__WHAT THE EXERCISE ASKS__.
Exercise in exact copying: restate word for word only the lines below from the one containing "봄과 가을 캐주얼 긴팔" through the one containing "Perforatore Zenith modello", omitting any pictures.
+---+
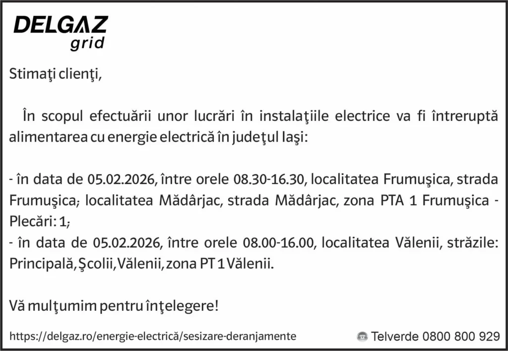 Anunțuri Delgaz gridAnunț Delgaz Grid 3 februarie 2026 de Răzvan GrecuFebruary 2, 2026February 2, 2026011 Share0
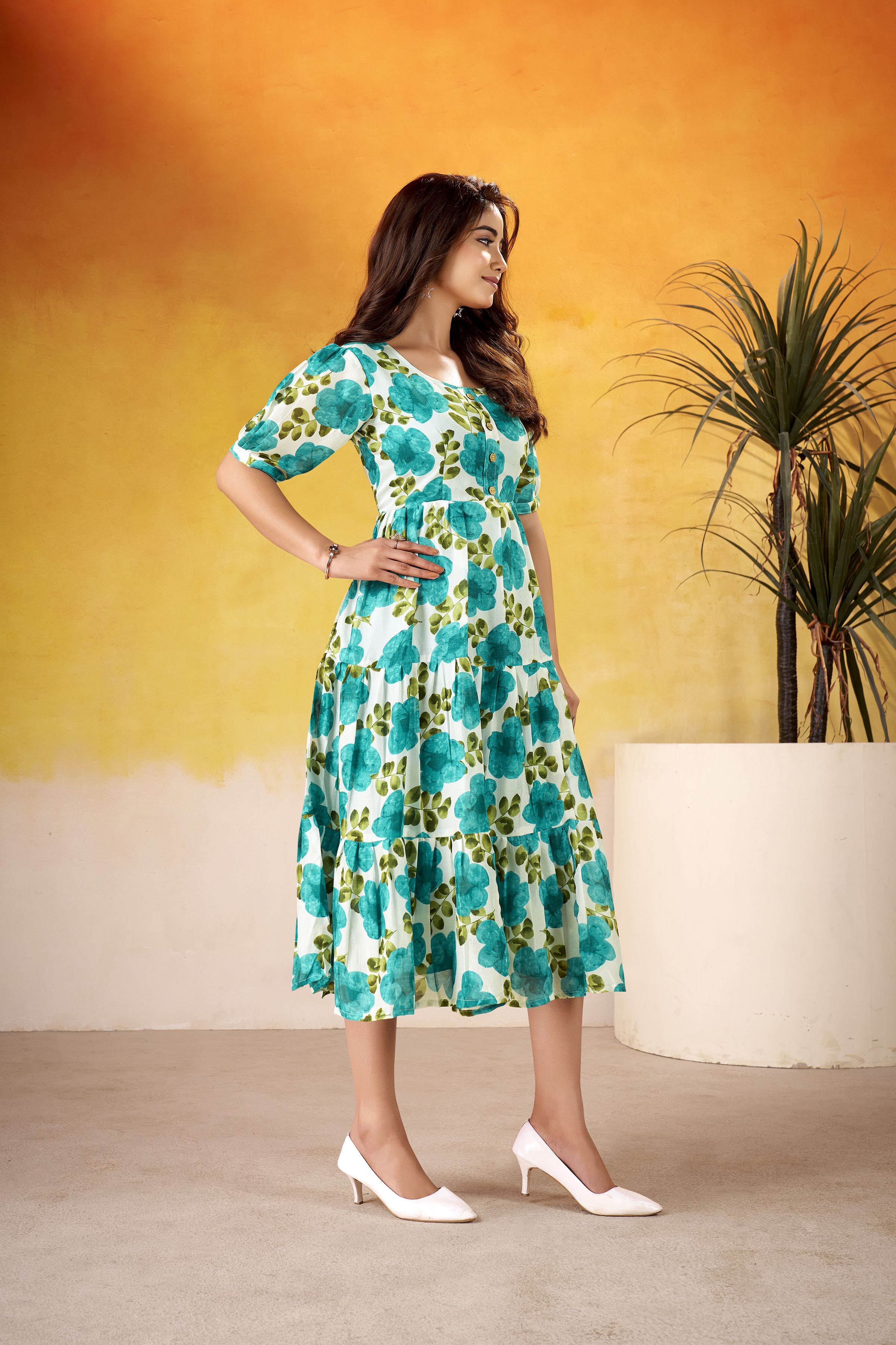Firozi Color Vichitra Silk Fabric Designer Floral Printed Girlie Partywear Kurti
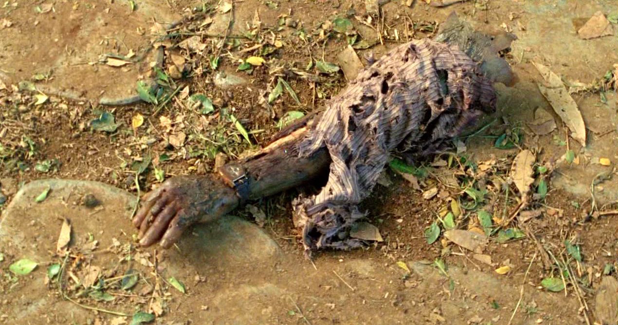 - Montand's arm is ripped off. After the next flash, Jin sees the decayed arm. (Missing body parts)
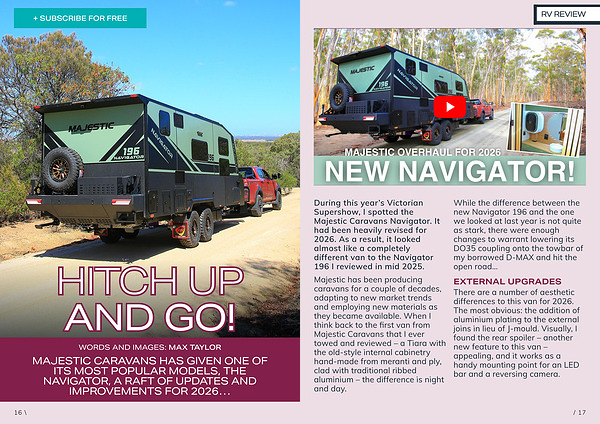 While the difference between the new Navigator 196 and the one we looked at last year is not quite as stark, there were enough changes to warrant lowering its DO35 coupling onto the towbar of my borrowed D-MAX and hit the open road …
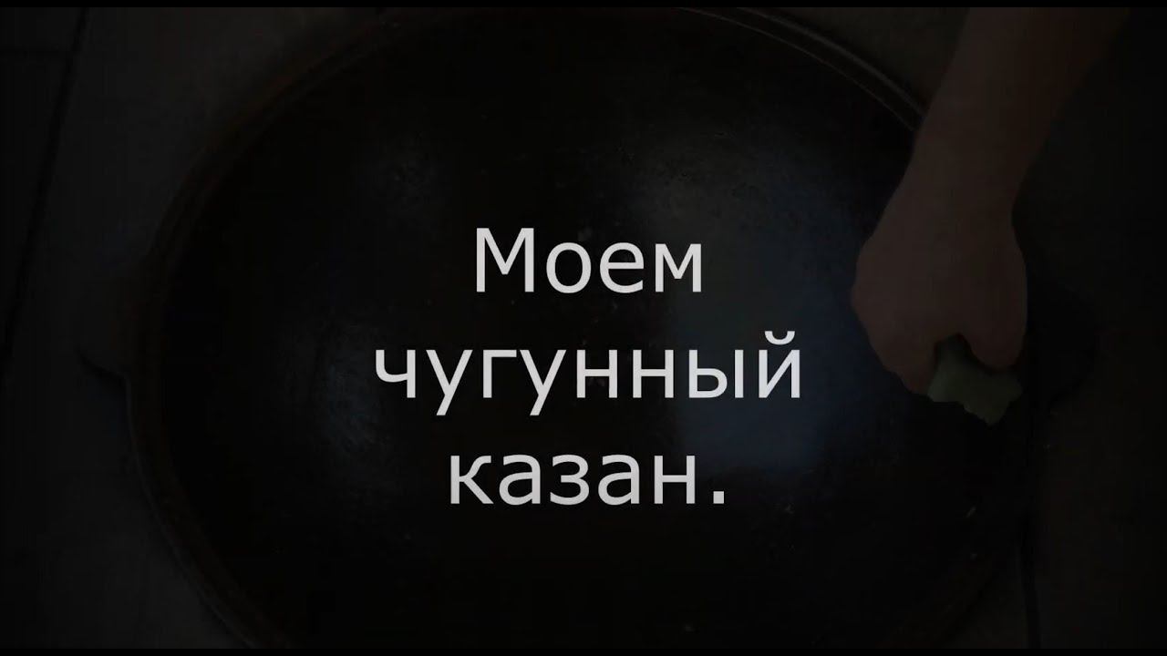 Моем чугунный казан. Тяжелый. Чугунный казан 22 литра это конечно не 200 но все равно тяжелый и перетащить его к месту мойки, поворачивать, вертеть ополаскивать трудно - он реально тяжелый независимо какой толщины стенка. Кипяток, губки, салфетки (ветошь), Казан такого размера мне легче вымыть на месте. Я мою так уже не первый раз. Обезжиривающие средства на мыльной основе не использую. Губка и мягкая и грубая сторона. Весь процесс можно разделить на 3 этапа. Очистка -удаление пищевых остатков. Кипячение. Протереть чистой салфеткой или полотенцем, и промазать маслом. В этот раз после 20 ти минутного кипячения, состояние стенок никак меня не устроило. Пришлось кипятить еще минут 30. Стенки стали гладкие, губка сделала свое дело. Вычерпал воду. Сегодня использую салфетку. Можно и лучше ветошь. Нанести тонкий слой масла. Верю что следующий плов будет очень скоро. Использовать моющее средство можно, пары капель будет достаточно. Не нужно только применять металлические губки. Я пробовал, антипригарный слой царапается, а это нехорошо. Мне интересно сохранить его целым и наблюдать за ним долго. Что я делаю не так... Возможно для лучшего результата на заключительном этапе, перед обработкой маслом можно еще налить чистой воды и прокипятить. Пишите, ругайте; приму любую критику, советы и пожелания. Спасибо вам за просмотр
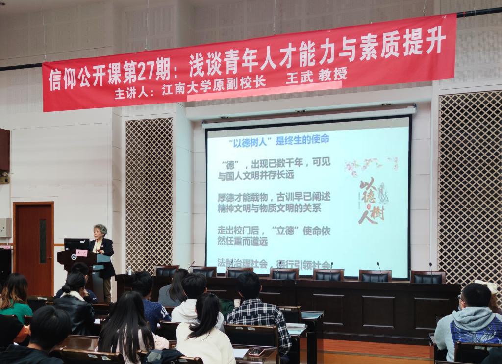 时隔“青马工程”训练营开营仅一周,学院邀请原江南大学副校长王武教授为全体营员和第12期入党积极分子培训班学员作了一场以《浅谈青年人才能力与素养提升》的信仰公开课,为同学们如何在人生道路上提升能力和素养,点燃一盏明灯。
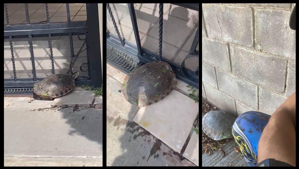 Vecinos de la colonia Valle Bonito encontraron una tortuga caminando en las calles después de las lluvias que se registraron el pasado fin de semana por remanentes del huracán «Hilary».
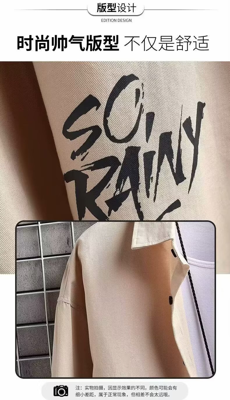 봄과 가을 캐주얼 긴팔 남성 셔츠 프린트 디자인 센스 옷깃 틈새 아웃웨어 잘생긴 만능 재킷 셔츠
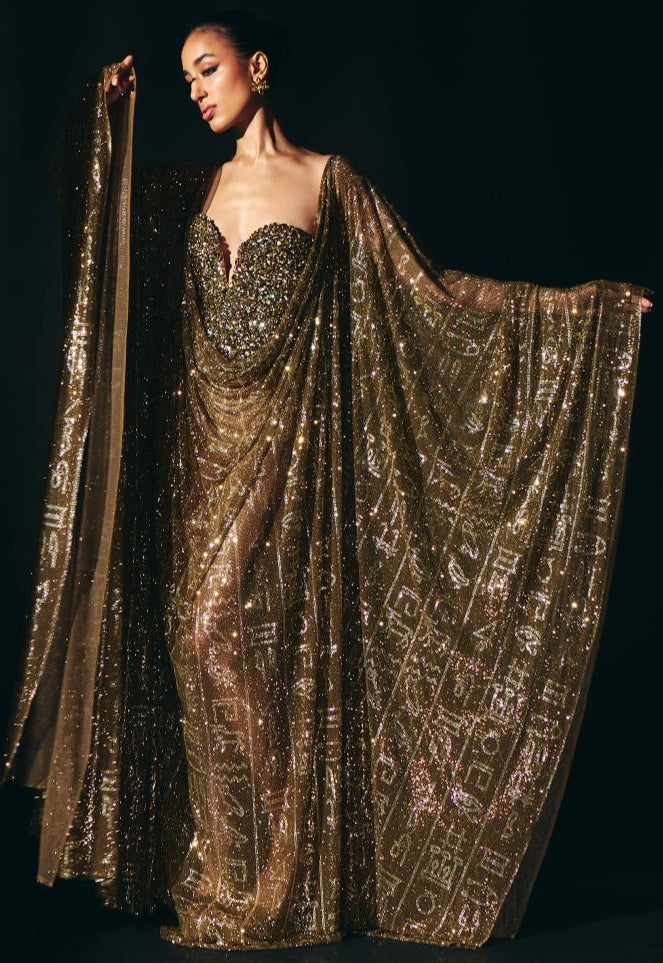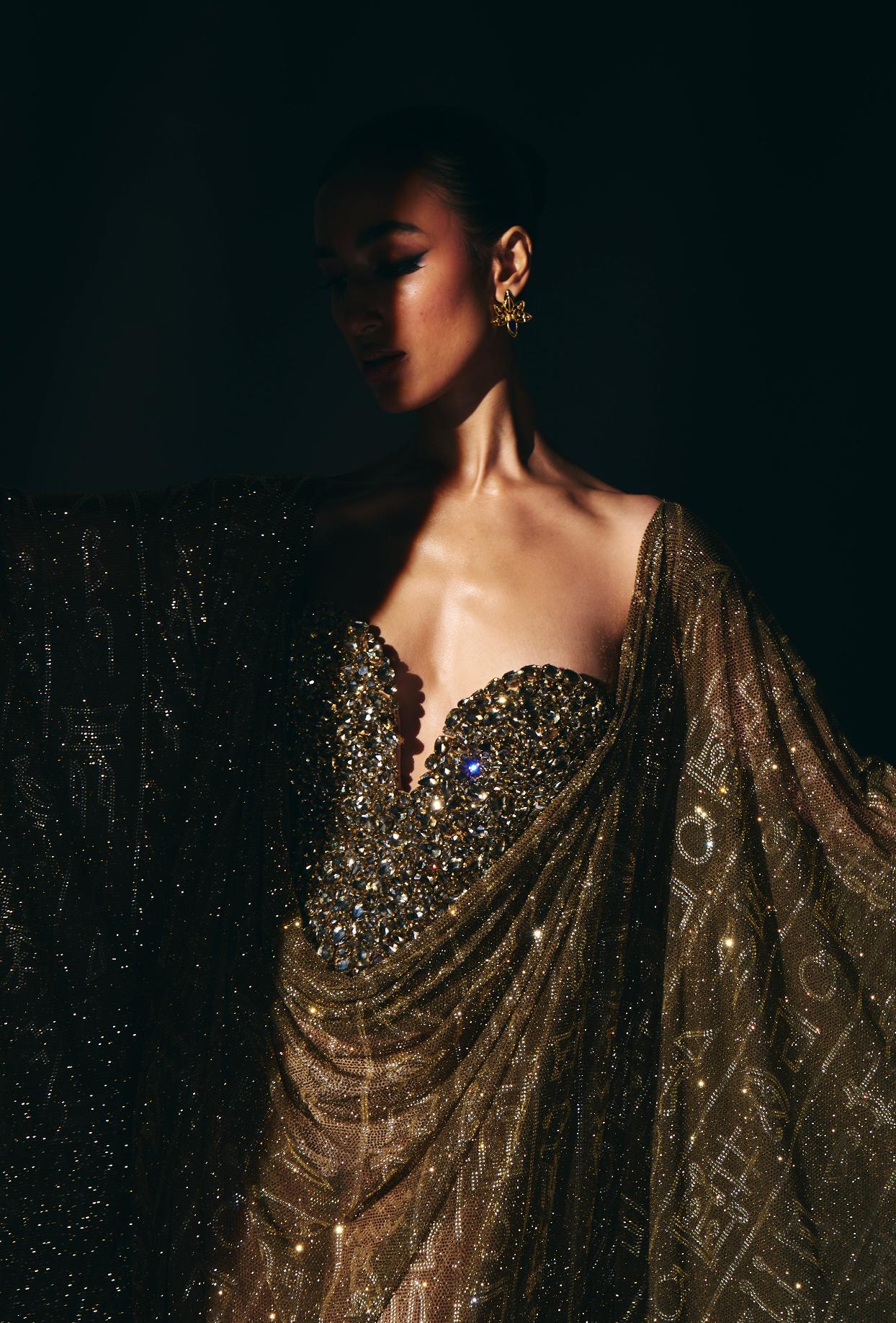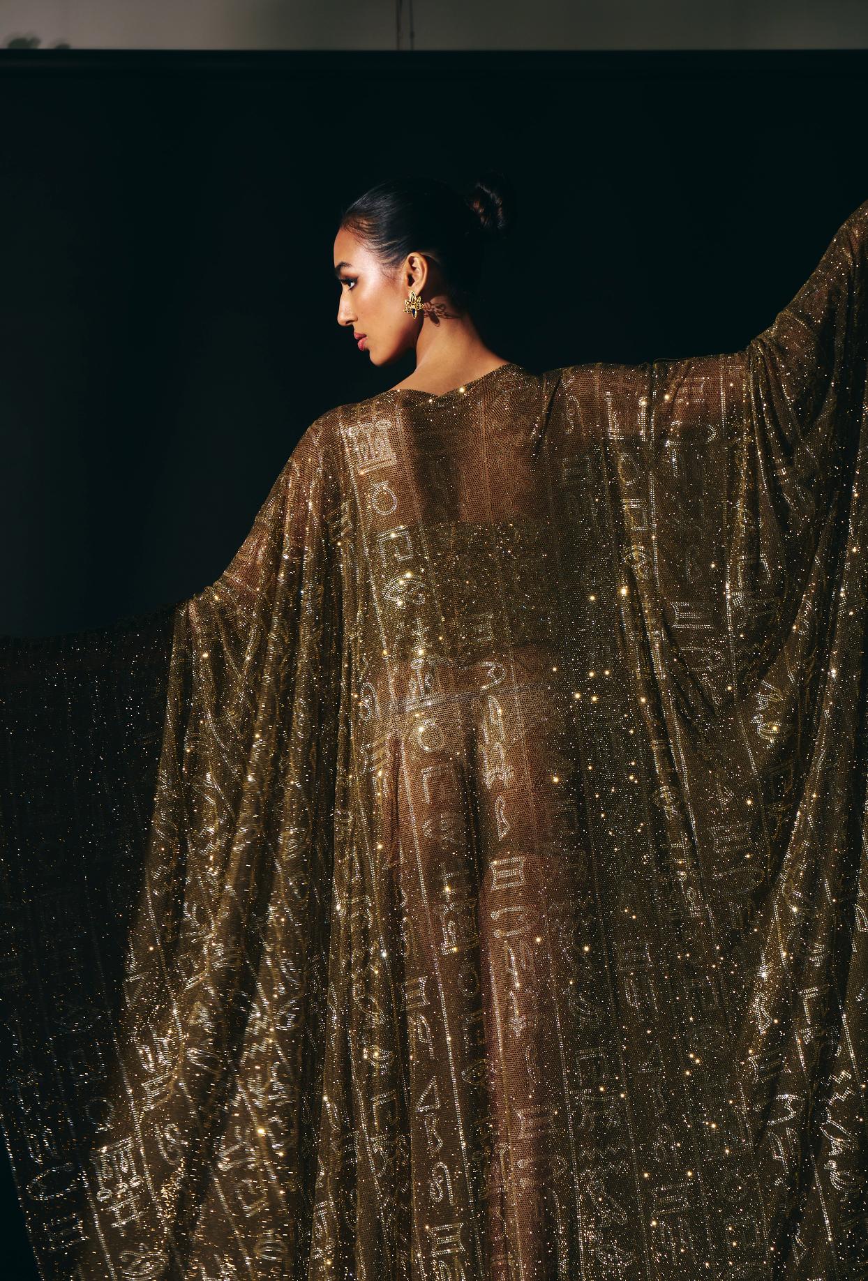 This stunning kaftan features intricate hieroglyphic crystal embellishments, adding a touch of ancient luxury. Paired with a gold jewel corset adorned with dazzling large crystals, it radiates glamour and allure, capturing attention with its captivating sparkle. The combination of the kaftan's flowing elegance and the corset's bold, shimmering details creates a striking, opulent look perfect for any special occasion.
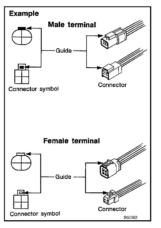 Connector guides for male terminals are shown in black and female terminals in white in wiring diagrams.
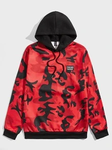 Ragazzi Felpa con cappuccio con toppa lettera mimetico con coulisse
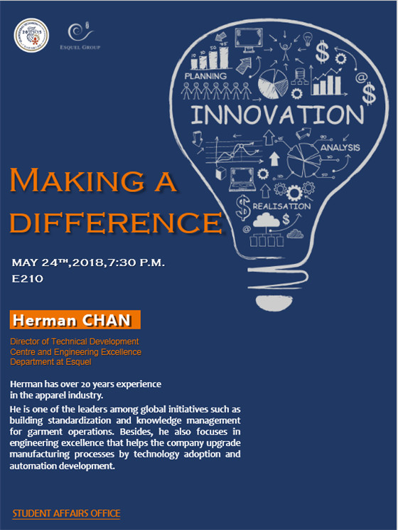 You are invited to the lecture- Making a Difference given by Herman Chan and Cai Wei.Speaker:Herman Chan : Director of Technical Development Centre and Engineering Excellence Department at EsquelCai Wei : Deputy General Manager of Yang Mei Garment FactoryTime: 19:30, May 24, 2018, ThursdayVenue: E210Herman Chan has over 20 years’ experience in the apparel industry. He has been moving from an indus...
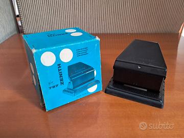 Perforatore Zenith modello 787 con la sua confezione originale. classico articolo di cancelleria "Made in Italy". Può forare con precisione fino a 15 fogli di carta contemporaneamente. Realizza due fori che possono essere posizionati a una distanza di 70 mm o 80 mm. È realizzato interamente in metallo, con punzoni in acciaio trafilato per garantire robustezza e durata nel tempo. Dispone di una base in gomma che svolge una doppia funzione, è antiscivolo per garantire stabilità durante l'uso ed è antigraffio per proteggere la superficie della scrivania. Inoltre, funge da contenitore per la raccolta dei ritagli di carta.
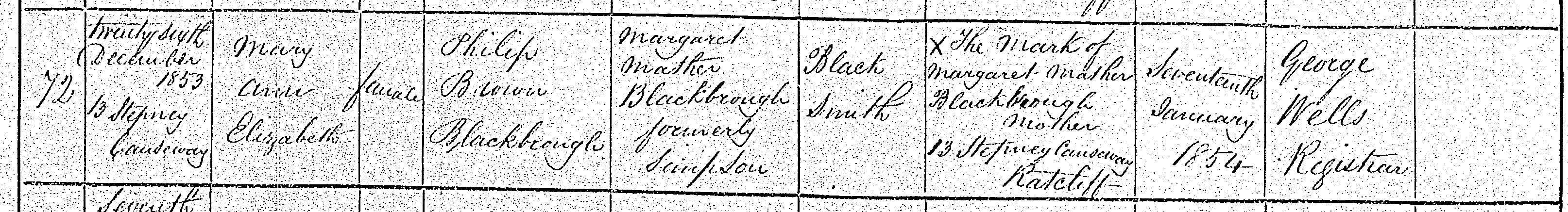 Birth in the Registration District of Stepney, London, 1853, no. 72. Born 26 Dec 1853 at 13 Stepney Causeway; Mary Ann Elizabeth Blackbrough; Girl; father Philip Brown Blackbrough; mother Margaret Mather Blackbrough formerly Simpson. Occupation of father: Black smith. Informant was Margaret Mather Blackbrough; Mother; 13 Stepney Causeway, Ratcliff; could not sign name. The birth was registered 17 Jan 1854.
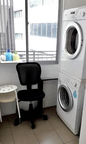 This well-maintained 2-bedroom condo features a thoughtful layout, with a modern galley kitchen showcasing black and white cabinetry and white countertops. The living room, adorned with minimalist furniture and a cozy dining nook, seamlessly connects to the balcony, perfect for entertaining. Each bedroom boasts wooden flooring and large windows, ensuring comfort and tranquility. Additional highlights include a stacked washer and dryer in the utility room and a compact study room, ideal for remote work or study.
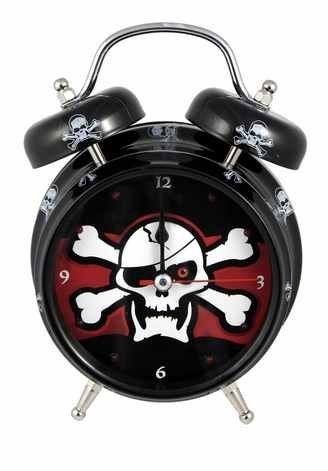 Stamped skull & crossbones on black clock frame. This pirate themed alarm clock lets out a bone chilling scream followed by an evil pirate laugh. It's sure to wake your kids & the dead too!
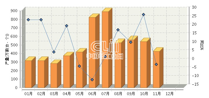 2016年1月~11月,河南灯具及照明装置行业累计完成产量5465.17万套,同比增长7.56%。其中:11月份完成产量424.82万套,同比增长-1.33%。
+---+
__ANSWER TO THE PROBLEM__.
 봄과 가을 캐주얼 긴팔 남성 셔츠 프린트 디자인 센스 옷깃 틈새 아웃웨어 잘생긴 만능 재킷 셔츠
 This stunning kaftan features intricate hieroglyphic crystal embellishments, adding a touch of ancient luxury. Paired with a gold jewel corset adorned with dazzling large crystals, it radiates glamour and allure, capturing attention with its captivating sparkle. The combination of the kaftan's flowing elegance and the corset's bold, shimmering details creates a striking, opulent look perfect for any special occasion.
 Connector guides for male terminals are shown in black and female terminals in white in wiring diagrams.
 Ragazzi Felpa con cappuccio con toppa lettera mimetico con coulisse
 You are invited to the lecture- Making a Difference given by Herman Chan and Cai Wei.Speaker:Herman Chan : Director of Technical Development Centre and Engineering Excellence Department at EsquelCai Wei : Deputy General Manager of Yang Mei Garment FactoryTime: 19:30, May 24, 2018, ThursdayVenue: E210Herman Chan has over 20 years’ experience in the apparel industry. He has been moving from an indus...
 Perforatore Zenith modello 787 con la sua confezione originale. classico articolo di cancelleria "Made in Italy". Può forare con precisione fino a 15 fogli di carta contemporaneamente. Realizza due fori che possono essere posizionati a una distanza di 70 mm o 80 mm. È realizzato interamente in metallo, con punzoni in acciaio trafilato per garantire robustezza e durata nel tempo. Dispone di una base in gomma che svolge una doppia funzione, è antiscivolo per garantire stabilità durante l'uso ed è antigraffio per proteggere la superficie della scrivania. Inoltre, funge da contenitore per la raccolta dei ritagli di carta.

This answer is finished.